I've lived here about 8 years, and it's become much cleaner in that time.
I put it down to the new mayor, Ken Livingstone.
There's an interesting story there - he was also the Mayor of London about 25 years ago, a powerful position similar to the mayor of NYC.
He was very left wing, with politics about things like disabilty issues, gay and lesbian equality etc about 20 years ahead of his time. The media had a field day slamming him, but I went back and read some of these stories the other day, and the proposals certainly look a lot more reasonable in 2006. Shame they didn't fit 1981 too well.
He had a major battle with Maggie Thatcher's government, which was very right wing. Ken Livingstone's massive HQ was opposite the Houses of Parliament over the river, and he put up huge banners slagging off the government, listing what he felt was the real unemployment figures as opposed to the government's fiddled figures.
Maggie Thatcher responded by abolishing his postion, and abolishing the entire greater London authority, so that there was no longer anyone responsible for london as a whole. Each borough had its own local council and that was it. Kinda like each NYC borough, Queens, Bronx etc doing everything independently with no-one to co-ordinate them.

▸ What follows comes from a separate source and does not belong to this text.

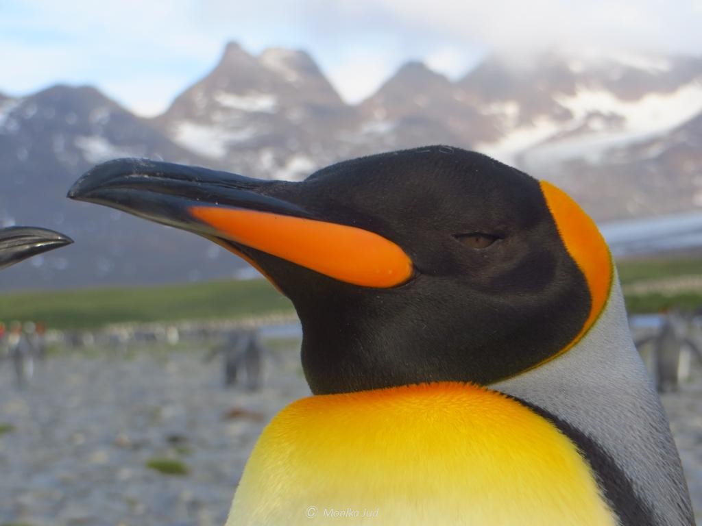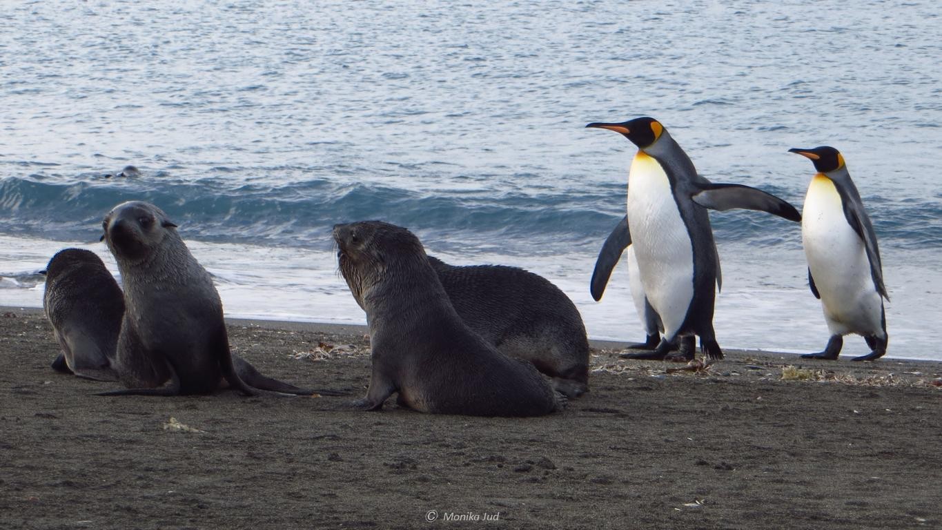 Und auch eine der größten Kolonien von Königs-Pinguinen bevölkert diesen Fleck. Majestätisch laufen sie uns mit ihrem leuchtend goldenem Hals und fast hüfthoch entgegen. Sie picken hier und da nach Kleidung oder Gummistiefeln und keine Scheu zeigt sich in den Augen.

London still had a mayor, but it was some token old git who does nothing except wear gold chains once a year and stand in a horse and carriage at the New Year's Day Parade.
Fast forward 25 years ....
Our new great white hope, Tony Blair, wants be seen as saving the world, so he tries to solve the problem of Irish terrorism by setting up a local government in North Ireland.
Consquently he's forced against his will to agree to local government in London (and a few other places) so reluctantly agrees to set up a London authority and mayor with real powers.
Ken Livingstone promptly stands again for election (he is part of Tony Blair's Labour political party) despite Tony Blair telling him to piss off and not think about standing again.
Massive arguements ensue, Tony Blair throws him out of the Labour party, everyone slags off Labour's offical candidate for Mayor, several of which resign in quick sucession, and Ken wins the election by a mile.
Tony Blair backs down and readmits him to the Labour Party, cos in London he's more popular than Labour party itself (at that time).
Ever since, Tony has been doing everything possible to wreck Ken's efforts to resurrect London - dirty tricks, secret press briefings against Ken, offical lack of co-operation, denial of Ken's independent fundraising initatives, pressing ahead with dodgy Government-sponsored PPI finance deals etc.
I have to say, I think London's become much cleaner since Ken came back (like Apple under Steve Jobs

) London transport has really improved, there's a bus every 5 minutes now, some nice new buildings, recycling rate has gone up, won the olympics etc.
While Ken's original politics were 20 years ahead of his time, now the world has moved on; he's also progressed in some ways, like becoming very green, but he's also remained stuck in some ways. There's been plenty of criticism of him and he's made some major blunders, but overall he's done a good job against some heavy opposition.